GIVEN DATA →
☆ ☆ ☆ ☆ ☆
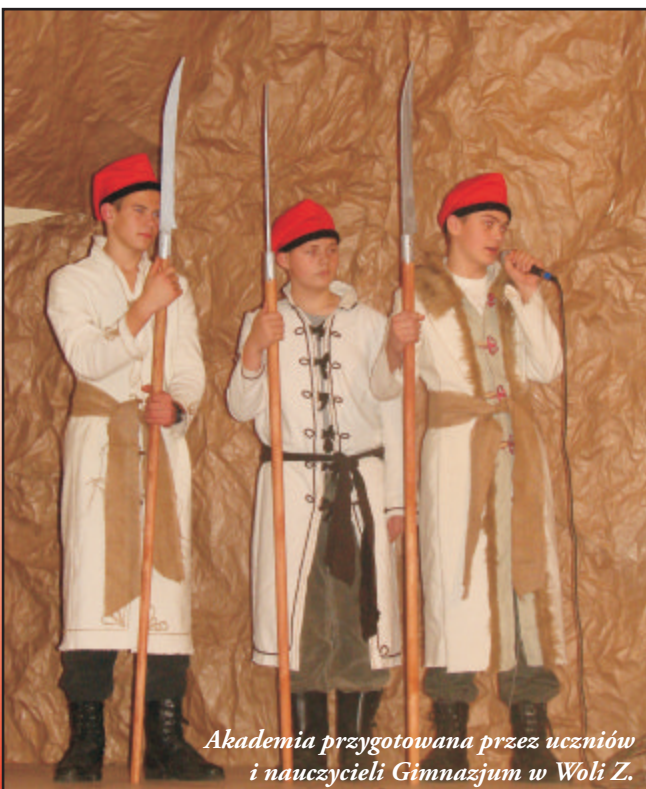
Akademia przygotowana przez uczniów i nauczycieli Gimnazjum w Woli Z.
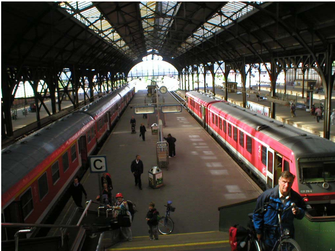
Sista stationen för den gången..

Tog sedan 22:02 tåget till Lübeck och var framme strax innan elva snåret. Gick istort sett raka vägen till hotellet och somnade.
☆ ☆ ☆ ☆ ☆
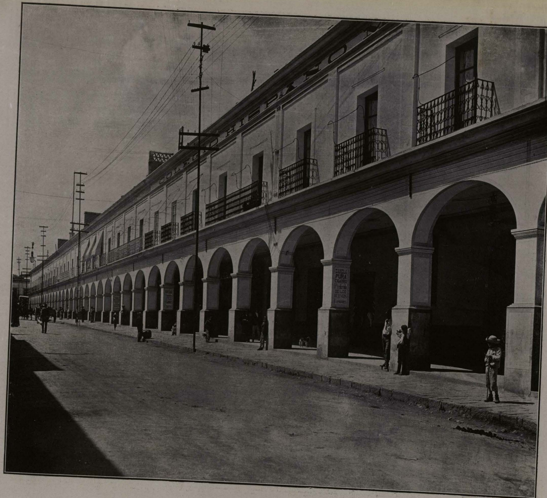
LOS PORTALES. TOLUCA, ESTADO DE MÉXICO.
☆ ☆ ☆ ☆ ☆
EXERCISE DESCRIPTION → Reproduce only the lines above, starting at the line with "Sista stationen för den gången.." and ending at the line with "Tog sedan 22:02", exactly as written.

EXERCISE OUTPUT →
Sista stationen för den gången..

Tog sedan 22:02 tåget till Lübeck och var framme strax innan elva snåret. Gick istort sett raka vägen till hotellet och somnade.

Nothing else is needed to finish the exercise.